It can be seen from the above that the ceramics Zr02 and AI2O3 exhibit dilations very close to those of the metals Mo, W and Cr. Consequently, cermets produced from such couples are subjected, when hot, to very low internal tensions even if the metal particles have a relatively large size of the order of 500 μm.

In general, to ensure an electrical conductivity corresponding to a range that can be used for the heating bodies of incandescent candles, the weight proportion of the metal powder in the cermet is of the order of 20 to 40%. However, these values can be exceeded, the intrinsic electrical conductivity of the cermet also depending on the average particle size.
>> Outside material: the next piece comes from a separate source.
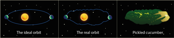 Then Kosmodemyan’s vision becomes spectrographic. The mode of the visible range of the eye switches to the spectrum of nitrogen and oxygen radiation4, as immediately the Earth’s atmosphere turns orange-red tones, and the ball itself becomes a semblance of its lifeless neighbor – Mars. Such an unflattering appearance, however, allows you to see the plume of atmospheric gases stretching behind the Earth. It exactly repeats the trajectory of the planet and (what a shame!) is a curved line in the form of a wave. This means that our common home is constantly oscillating in outer space, and its orbit is more of a wrinkled cucumber than a geometrically pretty ellipse.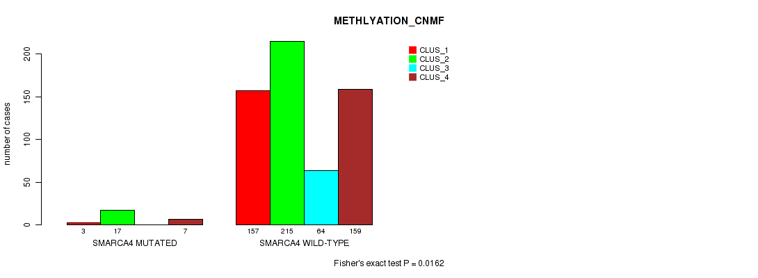 SMARCA4 mutation correlated to 'CN_CNMF', 'METHLYATION_CNMF', 'MRNASEQ_CNMF', and 'MRNASEQ_CHIERARCHICAL'.

In fact, the finer the electroconductive particles, the higher the conductivity for a given weight concentration.

Preferably, ceramics and conductive phases are used having expansion coefficients whose ratio is between approximately 0.5 and 1.5, in particular alumina as insulating phase and chromium powder in particles of 0.5. at 10 µm as the conductive phase, the proportion of chromium in the alumina can vary between about 10 and 40% by weight. Indeed, the coefficient of expansion of chromium is approximately 6 x 10_6 / ° C and that of alumina of 8-8.5 x 10_6 / ° C. The ratio between the two expansion coefficients is therefore around 0.7 and the requirements in terms of fineness of the powder particles are therefore reduced.

It should be noted that the ceramic matrix of the present candle is not necessarily a pure ceramic. In fact, to improve the thermal conductivity of this ceramic, it may contain, dispersed throughout its mass, additives with high thermal conductivity. As such, mention may be made of metals in particles electrically insulated from one another or of thermally conductive ceramics but which do not conduct the electric current at all.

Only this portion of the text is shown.